While EPA honcho Stephen L. Johnson spent last week thwarting the attempts of California and 16 other states to adopt measures limiting automobile emissions, the European Union is taking unprecedented steps of its own to limit the carbon footprint of cars sold within its countries’ borders.
According to an article published in last week’s Economist (“Collision Course”; Dec. 22, 2007), the EU is about to adopt “the world’s strictest CO2-emission standards”. By 2012, new cars sold in the EU must meet an emissions threshold of 130 grams of CO2 per kilometer; at present, European-made cars average about 160 g/km. The European Commission will also recommend the imposition of a fine of $137 per car per gram over the 130g/km limit. While this standard will undoubtably present a problem for all of Europe’s car manufacturers, the most vociferous protests are emanating from German luxury car giants BMW and Mercedes-Benz. Vehicles produced by these two companies average in the range of 184 g/km and 188 g/km respectively, about $7,000 in fines per car above the proposed threshold. In contrast, French and Italian automakers Citroen, Renault and Fiat — all whose fleets are “heavily biased towards fuel-efficient small cars” — average 142-147 g/km per car.
However, the ultimate form that this legislation will take is not yet settled. German auto lobbyists have pushed for a special “weight dispensation” that will provide relative emissions allowances for heavier cars; much to the dismay of environmental activists, the European Commission has agreed in principle. Ultimately, though, by focusing this emissions cap on cars sold in Europe rather than on cars manufactured, this mandate may do little to curb global greenhouse gases, as the main markets for both BMW and Mercedes lie abroad — mainly in the US, Russia and China, all countries whose clean-air standards still leave much to be desired.

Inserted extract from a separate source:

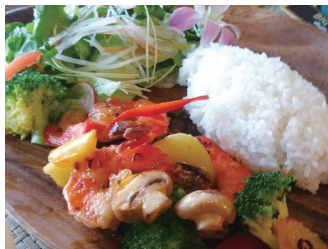
ガーリックシュリンププレート ¥1,200

Meanwhile, the attempts of California and other states to adopt their own clean-air initiatives are being stonewalled. Despite the recent deservedly-lauded legislation set to increase fuel efficiency in US-manufactured vehicles by as much as 40% by 2020, the California ruling unfortunately demonstrates the current administration’s continued reticence to recognize the global environmental crisis. It’s probably no coincidence that Johnson rendered his decision only after the latest round of Vice-President Cheney’s confabs with auto lobbyists, where Cheney purportedly promised to kill the California bill in exchange for industry support on the federal bill. Though EU officials seem willing to take an albeit limited lead on emissions reduction, the Bush administration continues to send mixed signals to the global community, slapping itself on the back with one hand for passing legislation it never wanted in the first place, while surreptitiously removing the bill’s teeth with the other.